背景があった方がよいという意味では、まちづくりをこれから学ぶ初学者よりも、ある程度まちづくりの経験を重ね、自分の立ち位置、次の展開を探ろうとする人に、本書はより役立つだろうと思われた。福島県での復興まちづくりがひと段落した私がそうだったのだが、できていなかったこと、足りなかったことに色々と気付かされる。それと同時に、意外とできていたこと、その先にある可能性についても、ヒントが得られる。そんな読後感が得られるのは、本書が「まちづくり」という運動に対して、自省的な構えを持っているからである。何ができたのか。何が未達成なのか。そして今後30年に向け、まちづくりはどう変わるべきか。まちづくりを再定義するべく、佐藤滋を中心とした35人が自らの実践を振り返る。その熱気ある論考に、読者も次第に引き込まれてしまう。執筆陣の共同作業に誘われるような雰囲気は、きっと佐藤研のまちづくりの現場を映しているのだろう。
俯瞰と構造化
一方で考えさせられたのは、俯瞰的であることの意味である。本書はまちづくりの現状分析と再定義という目的を持っているから、状況はなるべく俯瞰的に捉えられ、大きなスケールの論理が浮上するよう論が組まれている。もともと、魚眼マップによる地域構成の把握、「山当て」による城下町の都市構造の解読、地域マネジメントの組織構成の図化など、俯瞰と構造化は佐藤研の研究の特徴といえるが、今回はそのスケールが特に大きく、まちづくりの展開そのものにも適用される。『教書』の終章で佐藤が述べる、地区レベルのまちづくりを連携し、重層的な活動を行う地域マネジメントに統合していくという展望がそれである。
この展望には、現在のまちづくりの活況が影響している。都市計画における住民参加の定着、NPO法の制定、コミュニティビジネスの浸透を経て、まちづくりを担う主体は増加し、多様化した。見渡せば、建築、都市計画だけではなく、アート、福祉、地域経済、情報デザインなどからアプローチが試みられ、それぞれがバザールのあちこちで軒を競い合うような混沌とした状況が生まれている。この状況に対して、バザールの「編集的統合」とマネジメントが呼びかけられるわけだが、ここは分かれ道だと私は思った。都市情報センターなど状況を俯瞰できる場をつくるところまでは同感なのだが、その整理・統合はしない方がよいと私は思う。今はまだ、次なる実験のために混沌を拡大させるべきだと考えるからだ。
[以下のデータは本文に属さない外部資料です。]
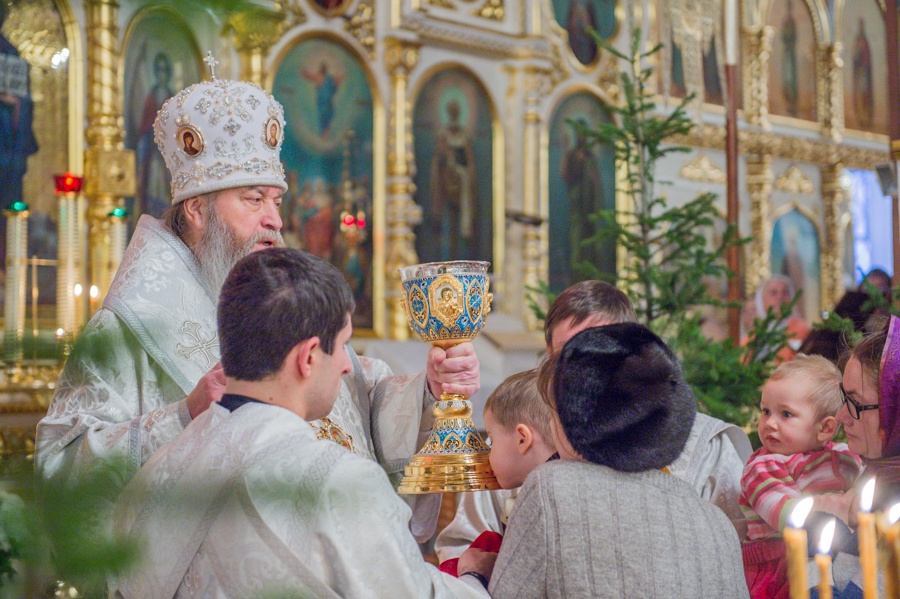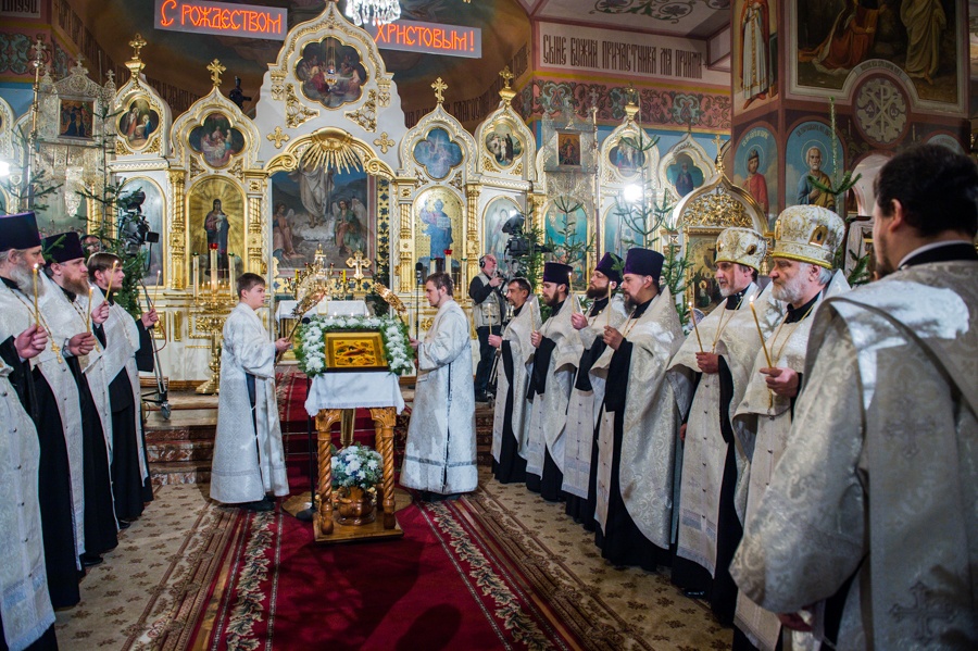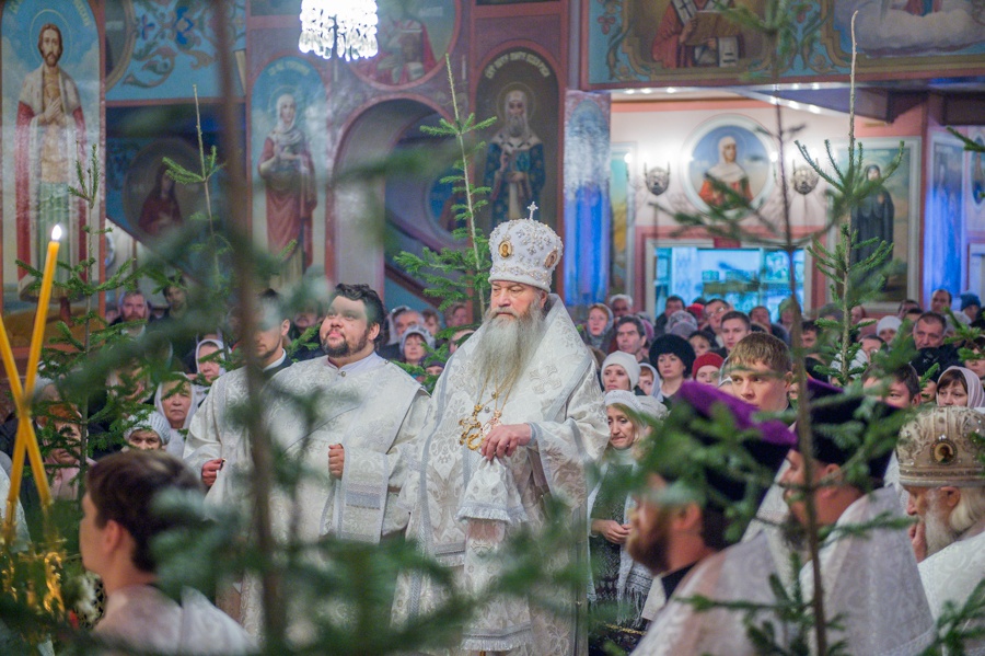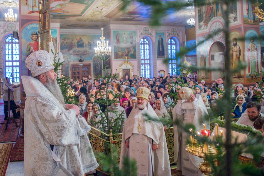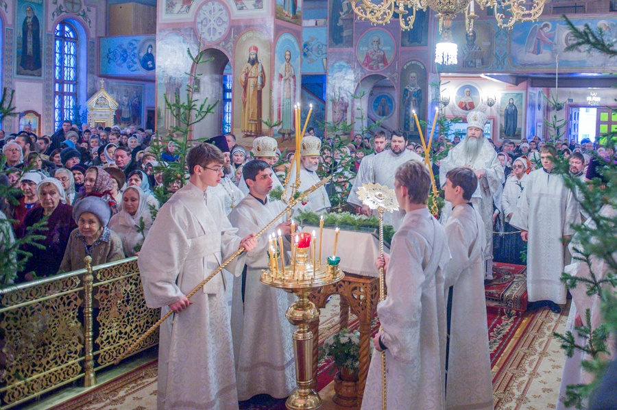 В честь великого двунадесятого праздника Рождества Христова Митрополит Новосибирский и Бердский Тихон возглавил всенощное бдение и Божественную литургию в Вознесенском кафедральном соборе Новосибирска. Фоторепортаж Владимира Осинцева

むしろ建築・都市計画由来のまちづくりには、バザールの老舗として空間的実践をもっと展開していてほしい。佐藤が期待する「質の高い姿かたちと場所の生成」を実現する知見が、圧倒的に不足していると思うからである。特に歴史的景観を持たない地域、大街区化が進む都心部、港湾や河川まわりの空間はまだまだ質が低い。それは決して、これらに地域性がなかったり、トップダウンで計画が進められているからではなく、その場所に応じた空間再編の手法が乏しいからである。そう考えて、私は佐藤研の出身者たちと『建築設計資料集成・都市再生編』(丸善、2014)を出版したのだが、都市の基本寸法についての資料もないし、都市のメディアがないので、プロジェクトの発表図面も描かれていない。これでは知見を共有できるはずがない。私が眺めているのは、そんな泣きたくなる状況なのだが。
試される今後の実践
論考のなかで、実践の先細りについての懸念を抱いているものがあった。都市再生とまちづくりの外部で起こる「まちづくり未満」の地域において、小さな心地よい空間をつくり出せても、広域かつ長期的な問題を解くのは難しくなるだろうという饗庭伸による指摘である。これは同意である。ただ、きっと問題はさらに幅広い。饗庭は未完の都市計画道路の問題を挙げているが、「していないこと」の問題に加え、完成したのに沿道が衰退した広幅員道路、大街区化の結果、空き家化した大規模建築、整備したのに歯抜けとなった宅地など、「してきたこと」の問題も加わりつつあるからだ。たとえば城下町研究が示した都市の構造把握を、成長期の都市域の拡張、近年の市街地再開発など別の文脈をもつ都市に援用し、その再構築へとつなげられないか。佐藤研の35年の活動の先に、そんな作業を私は見た。